Well worded summary of axonal hyperexcitability due to impaired potassium channels. This impairment can be due to one of hundreds of mutations, or through lack of chaperone proteins, or via the generation of auto antibodies against voltage gated potassium channel I.e. the VGKC antibodies that bfsburger talked about on this forum in the past......however all roads lead to Rome and the end result is an intrinsic membrane hyperexcitability of the motor neuron, possibly enhancing oxidative stress.

The proposed use of ion channel modulators such as trobalt as neuroprotective agents is exciting and very logical.

I went in June with Professor Eggan's paper to my neuro just for his thoughts on some of the issues it raises. I would never have got the drug as it is only licenced in the UK for the treatment of epilepsy.

So you are going to try it ????????

Two things I would consider which you may have already thought of.

1: The anti-epilepsy medication was added directly to motor neurons in cell culture and it did indeed reduce hyperexcitability and improved their survival in medium. However I am not sure if the concentrations they used on the cultured cells would be similar to what physiologically you can achieve by taking the drug orally. Many drugs have great results when poured directly on target cells, but pretty useless when taken in vivo.

Additionally motor neurons in dish do not recreate a complex complete nervous system. They are only just moving into patient trials.

2: This drugTrobalt is a Kv7 channel activator. Previous research has indicated that it is actually Kv2.1 that is the key regulator of intrinsic neuron excitability. Therefore In vivo activation of Kv7 might not be enough if you personally had a mutation in another regulator such as Kv2.1.

Despite my reservations I understand fully why you have chosen to try this approach. I really hope it does open the potassium channel and reduce hyperexcitability and lessen your fasciculations.

I have intended to write to the authors at a later date as I have questions to ask. Just need to get my wording right ....they are Harvard......but they are also human.


Re: Anyone tried Trobalt (retigabin)?

PostPosted: August 21st, 2014, 8:30 pm
by leaflea
This is very exciting indeed! With all the twitching etc. going on, it certainly does not feel benign and it makes sense it is a similar, but not exactly same process going on. Twitchydoc, please keep us posted. When I went to my one and only neuro visit in January, he said there was an epilepsy or anti-seizure drug I could try. Could it have been this one? If not, I wonder which one he was talking about. I wasn't interested at the time.
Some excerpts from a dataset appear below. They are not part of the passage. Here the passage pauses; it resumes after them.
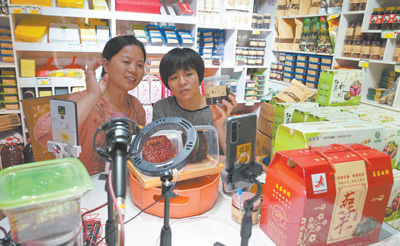 江西鷹潭市餘(yu) 江區大力推廣網絡購物、直播帶貨等消費模式,本地茄子幹、紅薯粉絲(si) 等綠色農(nong) 產(chan) 品搭上網絡快車,走上百姓餐桌。圖為(wei) 餘(yu) 江區益農(nong) 電商運營中心經理於(yu) 小葵(左)在店裏直播帶貨。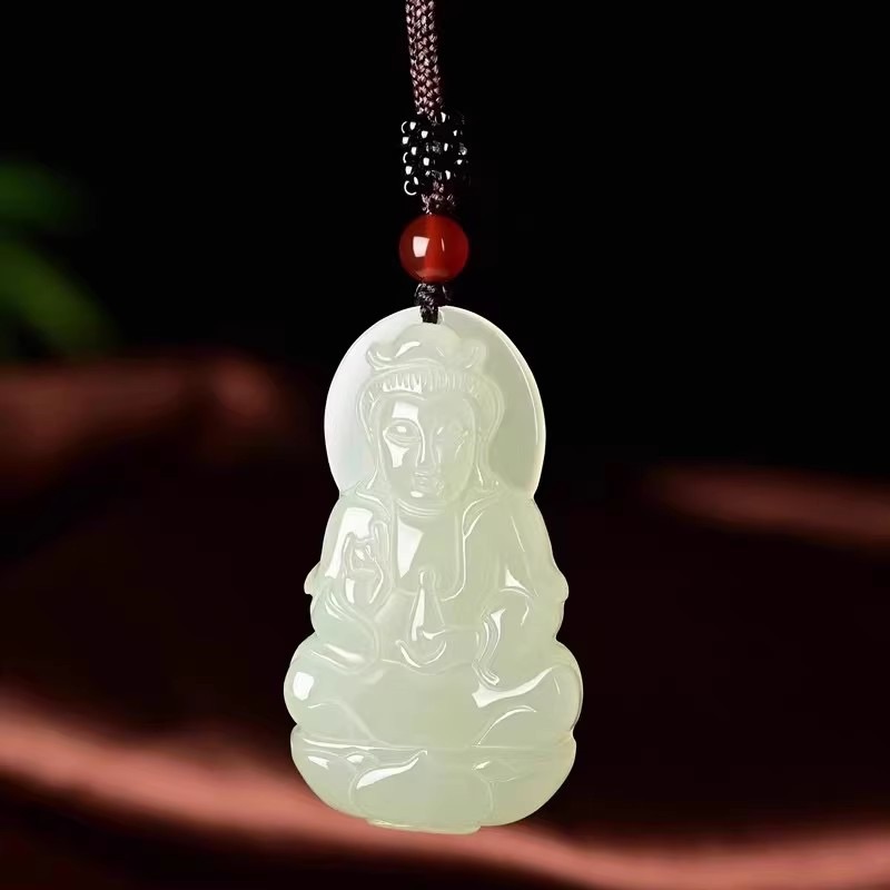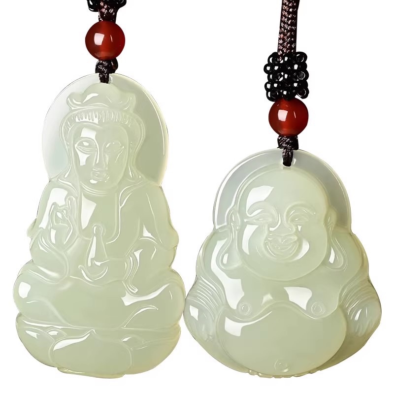 和田色玉观音玉佛男女款情侣晴水观音项链笑佛玉石饰品百搭吊坠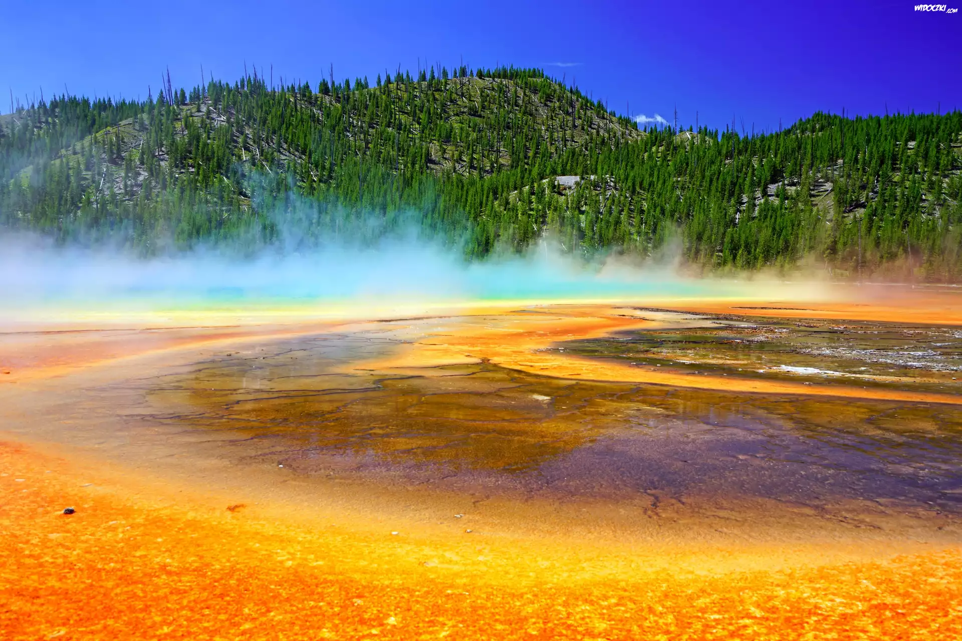 Zdjęcia, Park Narodowy Yellowstone, Gorące źródło, Opary, Las, Stany Zjednoczone

As long as I have two of the smartest people on the board in this thread, may I ask your opinion on something...I am taking a potassium sparing medication and am wondering about the effect on bfs. It is a mild diuretic, anti-hypertensive. I do not have HTN, but am taking it for an off-label reason. Acne. My acne really flared just before getting this bfs...and I was originally prescribed Minocycline. Took it for two weeks and then noticed the twitching. I don't know if there is any relationship between the Minocycline and bfs, but I wrote about this not long ago and you responded Little Lost. Minocycline apparently usually has a neuroprotective effect, but not necessarily so in active ALS. Kind of a scary correlation to me in my situation. Now, I can say my skin is visibly improved! However, not the bfs and just wonder how this postassium sparing medication might affect it in light of these potassium channels which you two seem to understand a whole lot better than I.

Thanks so much!

Re: Anyone tried Trobalt (retigabin)?

PostPosted: August 21st, 2014, 9:13 pm
by leaflea
Twitchydoc...please read my above post and also bring us up to 2011 you took Tegretol with some positive effect. What happened? Did you then try Triliptal? Raindog used Trobalt in 2012 with bad side effects and no improvement. Mary msm used Lamictal and it seemed a miracle drug for her. Thanks for your response!

Re: Anyone tried Trobalt (retigabin)?

PostPosted: January 29th, 2015, 5:00 pm
by Little Lost

Been a few months now so any update on your trial with this.